À primeira vista a existência de muita informação sobre Salmonella enterica

colocando esta bactéria entre outras que estão associadas a patologias da cavidade oral

(Figura 10) pode parecer estanha. No entanto, é preciso considerar que esta espécie tem sido

bastante estudada como agente patogénico intestinal e portanto existe muita informação

proteómica disponível nas bases de dados.

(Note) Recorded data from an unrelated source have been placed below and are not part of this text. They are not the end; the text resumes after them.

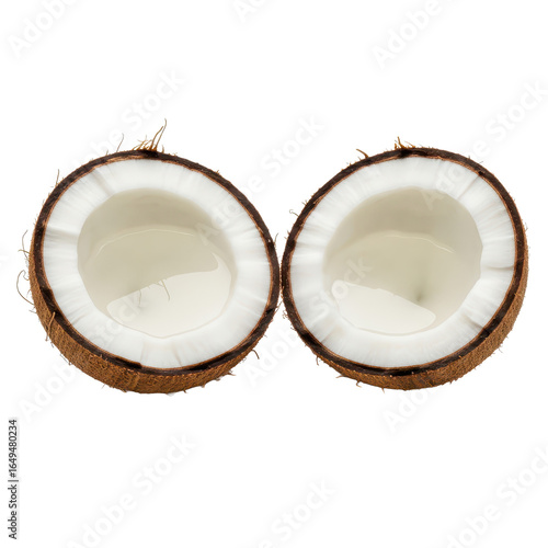 A Fresh Coconut Cut in Half, Revealing Its Tropical Flesh and Water on a Clean White Background
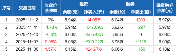 时代电气:融资净买入14.05万元,融资余额5.94亿元(11-12)
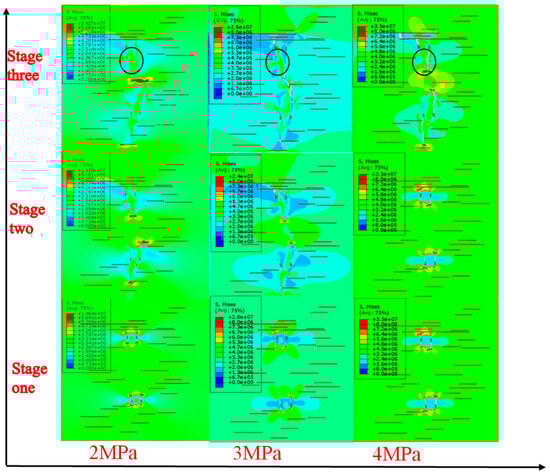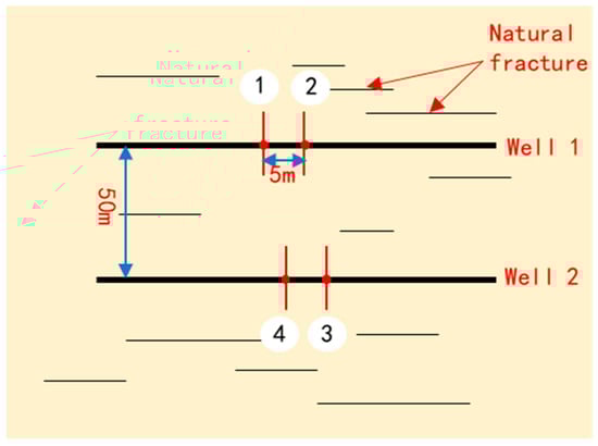 It can be seen from Figure 4 that different in situ stress differences affect the fracture propagation morphology when the hydraulic fracture meets between wells and the fracture morphology when the hydraulic fracture intersects with the natural fracture. When the stress difference is small, under the effect of stress concentration, the hydraulic fractures between wells do not easily connect when they meet. When the in situ stress difference is large, the hydraulic fractures meet and converge into one fracture. When the stress difference is 2 MPa, the hydraulic fracture is more likely to be captured by the natural fracture in the process of fracture propagation when it meets the natural fracture. When the stress difference is 4 MPa, the hydraulic fracture is more likely to pass through the natural fracture and form a simple vertical fracture. Usually, when the stress difference is low, the natural cracks can become more connected, complex natural cracks can form, and the transformation area is larger, which is preferred. When the stress difference of the reservoir is high, the stimulation effect of fracturing is poor, and it is not easy to exploit oil and gas.
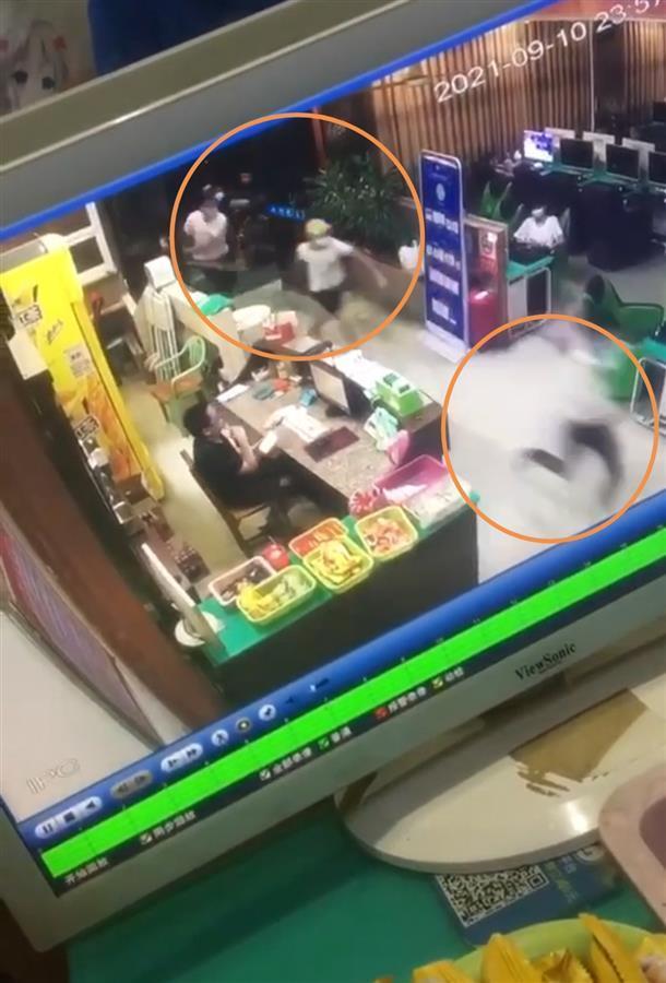 9月10日,广东廉江的一家网咖内,几名男生在柜台选购商品进行消费,门外突然冲进5名手持棍棒的少年,并追打正在柜台消费的男生,随后,手持棍棒的少年骑着3辆电动车扬长而去。极目新闻记者获悉,这些男生均为当地学生,警方已介入调查。
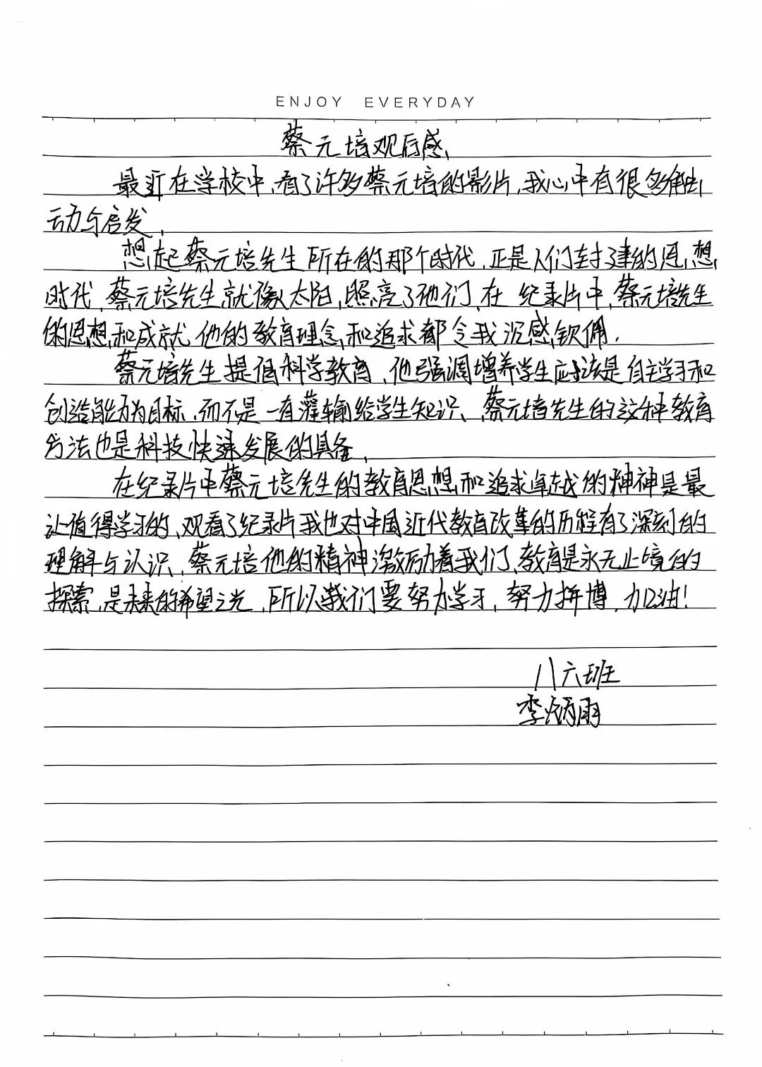 八(6)班李炳雨观《大师》蔡元培有感
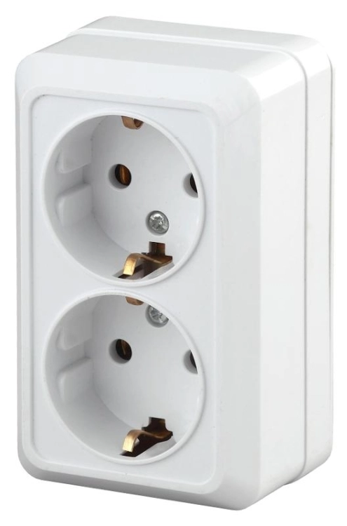 2-204-01 Intro Розетка 2х2P+E Schuko, 16А-250В, IP20, ОУ, Quadro, белый | Б0027655 | Intro
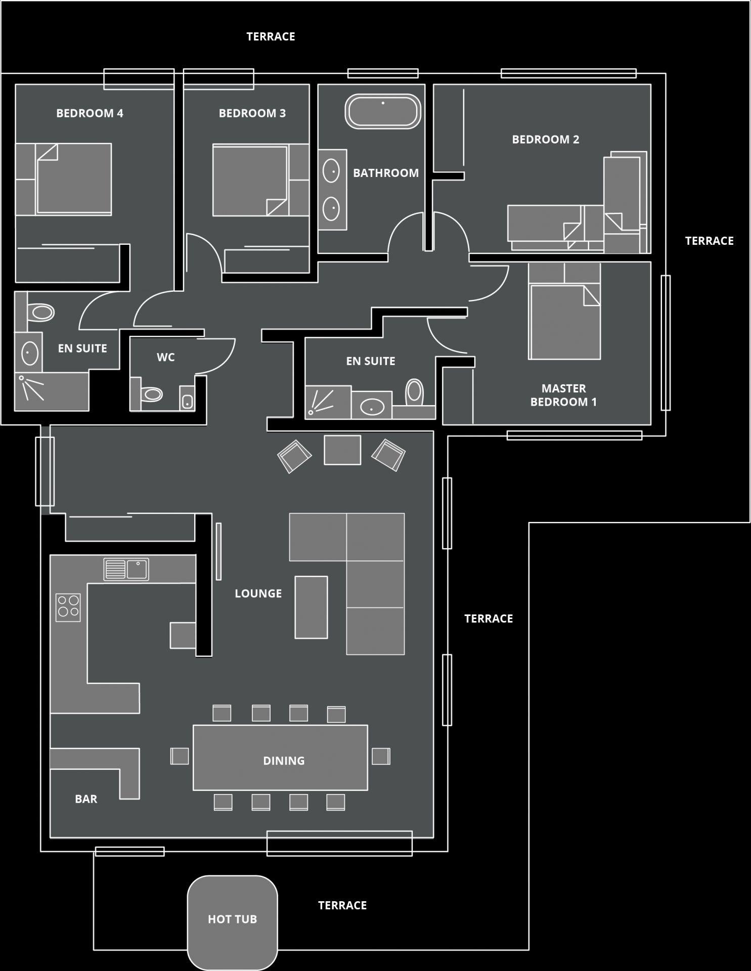 The apartment accommodates up to 6 adults across four inviting, alpine-inspired bedrooms. Each room enjoys shared balcony access with stunning views — perfect for morning coffee in the fresh mountain air. The sleeping arrangements include a master double and a second double bedroom, both with en-suite shower rooms. A third double bedroom shares a family bathroom with a bunk room that sleeps up to 4 children, making this apartment ideal for family holidays. For added flexibility, the double beds can be configured as twins upon request.

Os resultados apresentados neste trabalho confirmam a falta de anotação que existe em

relação às proteínas bacterianas, não só pelo facto de apenas cerca de 1/5 do total de proteínas

compiladas na base inicial estar revista na base de dados UniProtKB, mas também pela

análise da classificação ontológica das proteínas presentes na tabela final. Como está patente

nos resultados a grande maioria das proteínas está anotada com ontologias pouco informativas

quer em relação ao processo biológico, quer em relação à localização celular, quer mesmo à

função molecular das várias proteínas.

A lista de proteínas obtidas neste trabalho será utilizada para atualizar a base de dados

OralOme e servirá ainda de input para uma ferramenta de previsão de interações entre

proteínas dos microrganismos presentes na cavidade oral e proteínas do hospedeiro. Uma

versão inicial desta ferramenta de interactómica (OralInt) já está disponível e foi submetida

para publicação, embora apenas com as 1212 proteínas identificadas em estudos de amostras

da cavidade oral (23). Como foi já largamente expresso ao longo desta discussão este número

não reflete certamente a totalidade de proteínas na cavidade oral e por isso a tabela produzida

com este trabalho permitirá melhorar em grande medida o desenvolvimento da ferramenta de

interactómica cumprindo o objectivo maior deste trabalho.

Os dados gerados nesta compilação manual fornecem uma base para o

desenvolvimento de algoritmos que permitirão o estudo das interações entre as proteínas

humanas e microbianas presentes na cavidade oral. A informação sobre essas interações, por

sua vez, é essencial na compreensão dos mecanismos envolvidos em doenças infeciosas como

a Cárie, Periodontite (16) e em patologias sistémicas com manifestações na cavidade oral.